Study: Ending gay blood ban could save millions of lives

Tue. September 23, 2014 9:31 AM by News Staff

New research boosts push to end ban on gay blood donors

Allowing gay and bisexual men to donate blood can save millions of lives by increasing the total annual blood supply by up to four percent, according to a recent study.

Researchers at the Williams Institute on Sexual Orientation and Gender Identity Law at the University of California, Los Angeles, estimated the expected number of blood donations based on various changes to the current law.
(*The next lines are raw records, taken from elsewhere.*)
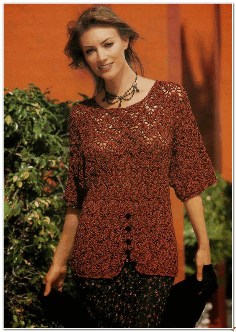 Ажурный пуловер крючком из меланжевой пряжи. Интересное выполнение низа изделия. Схема. / Обсуждение на LiveInternet - Российский Сервис Онлайн-Дневников
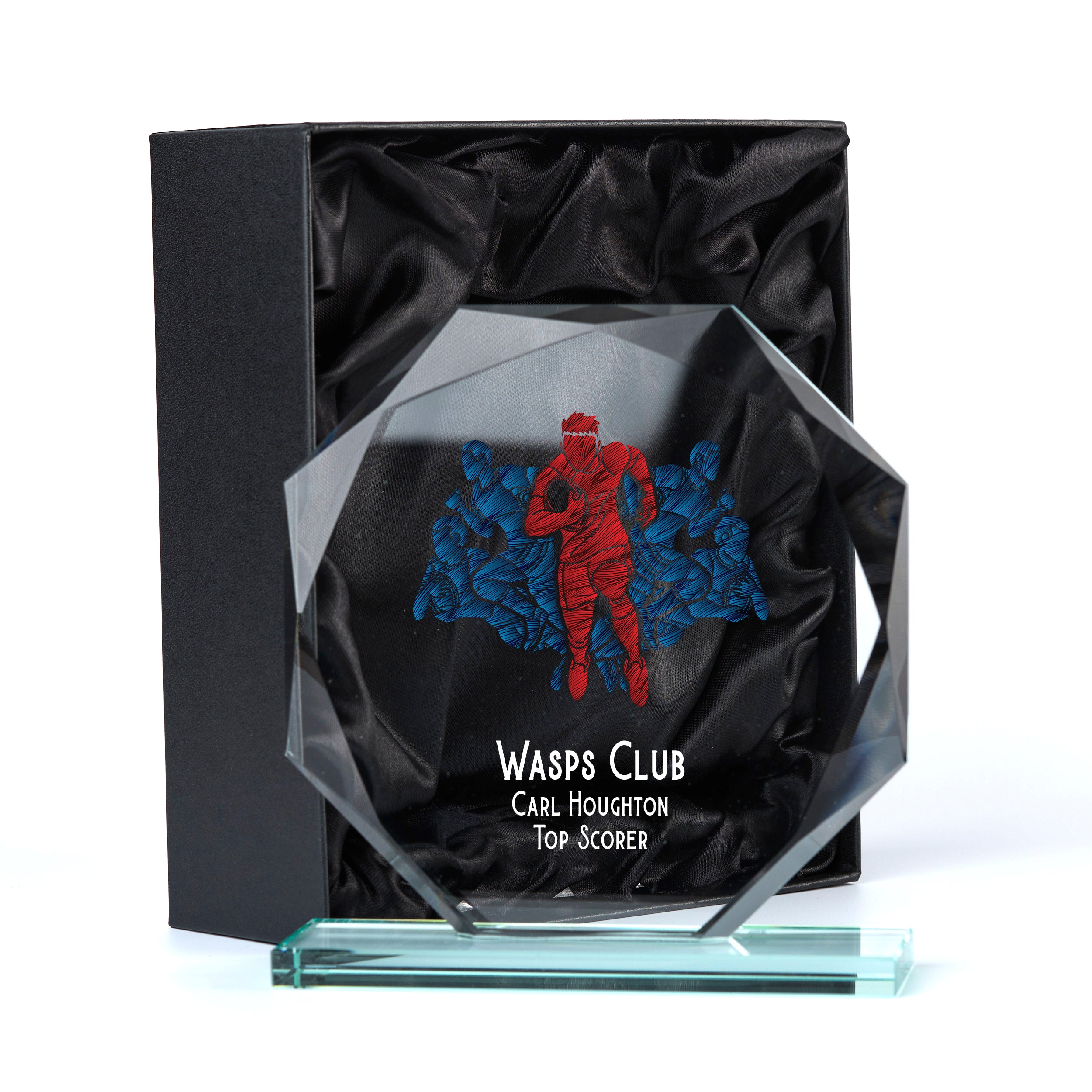 Crafted from high-quality jade glass, this 15cm Rugby trophy is the ideal way to commemorate any special event. Arriving in a luxurious silk-lined gift box, this personalised award is an impressive and thoughtful present. Colour UV Printed ensures that the recipient's achievements will be forever immortalized on this distinguished trophy.
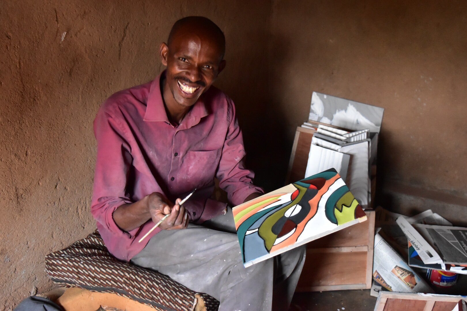 こんにちは。読んでくださりありがとうございます。加藤雅子です。今回のイミゴンゴ展 - imigongo tokyo - では3つの工房さんにイミゴンゴの作成を依頼しています。そのうちの1つKOIIKI(コイイキ)工房さんのご紹介です。イミゴンゴの発祥地キレへ郡に拠点を置き、日夜イミゴンゴ作りを進めています。KOIIKI 工房メンバーと実習中の学生さん 子連れ出勤当たり前現在12名のメンバーが所属し、そのほかに8名の学生さんが作り方を学びに来ています。トレーニング期間を終えて希望があれば、この工房のメンバーになることもできます。主要メンバーのAlexisイミゴンゴ作成中のAlexis彼はもともと電気技師として働いていましたが、伝統工芸への興味が日ごとに増してイミゴンゴ職人へ転身。奥さんは伝統工芸の道に進むことをとても喜んでくれたそうです。もっとも古くから活動しているイミゴンゴ作りの団体の一人に、直々に作り方を習い現在イミゴンゴの作り手さんとして12年ほど活動しています。首都キガリやルワンダ西部でもイミゴンゴ作りのクラスを担当するなどルワンダのあちこちを巡って教えています。ルワンダの伝統工芸と言っても、ルワンダ人でイミゴンゴを知らない人も多々います。イミゴンゴの話をしても「何それ?」イミゴンゴの写真を見せて「これだよ〜」と言うと「うーん、なんか見たことあるけど、、、何に使うの?」「あー、装飾 (imitako: イミタコ)のこと?」「初めて見たわー」という反応も珍しくないです。Alexisはルワンダ人にももっとイミゴンゴを知ってもらいたいとその活動範囲を日に日に広げています。今は3人の小さな娘さんたちが、トコトコとパパの仕事場によく出入りをしています。どんな風に仕事をしているのか、間近で見られる経験は素敵だなぁと思いながら眺めています。今回の展示用イミゴンゴの一部、リターン用イミゴンゴの一部を彼に作ってもらっています。楽しみにお待ちいただけると嬉しいです。加藤雅子

One scenario showed that if the ban was completely lifted, an additional 360,000 men would likely donate 615,3000 additional pints of blood per year.

The American Red Cross projected that more than 1.8 million of lives could be saved by the additional blood donations.

"This study reaffirms what many of us have long believed: ending the blood ban will save lives and strengthen our bloody supply," U.S. Rep. Mike Quigley (D-IL) told "As the FDA continues to review this discriminatory policy, I hope it will consider this study and work quickly to implement more equitable donor criteria based on science rather than sexual orientation."

The U.S. Food and Drug Administration (FDA) banned gay men from donating blood since 1977 due to the high risk of transmitting HIV, but advocates for changing the policy argue it is no longer scientifically justified with current blood screening technology.

Earlier this month, Rep. Quigley and over 60 Democratic politicians, lead by U.S. Sen. Tammy Baldwin (D-WI), signed a letter to the Department of Health and Human Services Secretary Sylvia Burwell asking for the policy to be reevaluated to reflect modern screening technology.

"These policies are inconsistent and fail to reflect the advances in HIV detection and the scientific community's understanding of the virus since the policy was first established," the letter stated. "It is time that the agency took action."

The blood banking community, including the American Red Cross and America's Blood Centers, also supports a change in the FDA's policy.

The Williams Institute study analyzed data collected in 2008, 2010 and 2012 through the General Social Survey, a national poll conducted by University of Chicago researchers, and data from the American Red Cross.